The secondary mirror
The secondary reflector mirror isn't as flashy as the honeycomb surface, but it's just as important. Mounted onto three 25-foot-long (7.6 meters) arms, this mirror directs the photons gathered by the primary mirror into the telescope itself, where cameras and spectrographs will be waiting to transform the physical properties of the light into data. The arms, which are tubes made from a composite material just one millimeter thick, will deploy around 10 days after blastoff.
McNally says the secondary mirror is similar to — though bigger than — mirrors used on other telescopes, but that doesn't mean successful deployment will be easy. "These big surfaces that have something delicate on top give me concern," he said. The biggest challenge is getting the arms to position the mirror. "You need to have a certain amount of momentum built up... in order to drive [the components] to snap into place" so the mirror is positioned precisely where it needs to be, he said. Any type of misalignment that causes even a tiny change in the mirror’s final position could render Webb seriously dysfunctional.
The idea of 344 single-point failures is eye-popping, but the reason engineers make lists is to limit and mitigate the risk of failure. They can test components for thousands of hours under an array of conditions. They can run simulations to watch how different processes will unfold under various circumstances — some of them likely not and many of them will not allow the mirror to unfold. What's more difficult to prepare for is the unexpected.
For example, it's possible that the string of delays, which were meant to ensure Webb's safety, could actually put its success in peril. "Each one of those may introduce a little bit of uncertainty," McNally said.

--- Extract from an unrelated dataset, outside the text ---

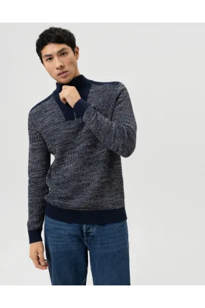 OLYMP Casual Half-Zip Sweater marine, Gestructureerd

The Galileo probe also faced years of setbacks before it was launched. After the Challenger accident, the probe was transported and placed in storage. At some point in that process, lubricant was rubbed off of three ribs that enabled one of the craft's antennas to extend. When Galileo tried to deploy the antenna, it got stuck. Scientists and engineers spent nearly four years devising a workaround. "Nobody said, 'we're storing it or moving it back and forth, that lubrication is going to be gone.' It was something that they found after the fact."
And yet, it's likely to work
It’s true that Webb has a lot of single-point failures. A lot. However, it’s important to note that single-point failures aren’t necessarily bad. A car, for instance, only has one way to steer. “If the steering wheel goes out, we don't have any way to maneuver the car," McNally said. It's a single-point failure we accept because carmakers "make the steering system very reliable." The brakes, by contrast, are supported by a backup system: the emergency brake.
"You have to accept that these failures can affect overall performance and mission success," McNally said, but “you go through reliability testing [and] simulation analysis... in order to gain confidence that that's not going to happen.” Most of the decisions, judgment calls, and tests that will collectively determine Webb’s success have already been made. Now, all we can do is sit tight, hold our breath, and wait for the images that may — just maybe — help researchers rewrite the history of our universe and reimagine our place in the cosmos.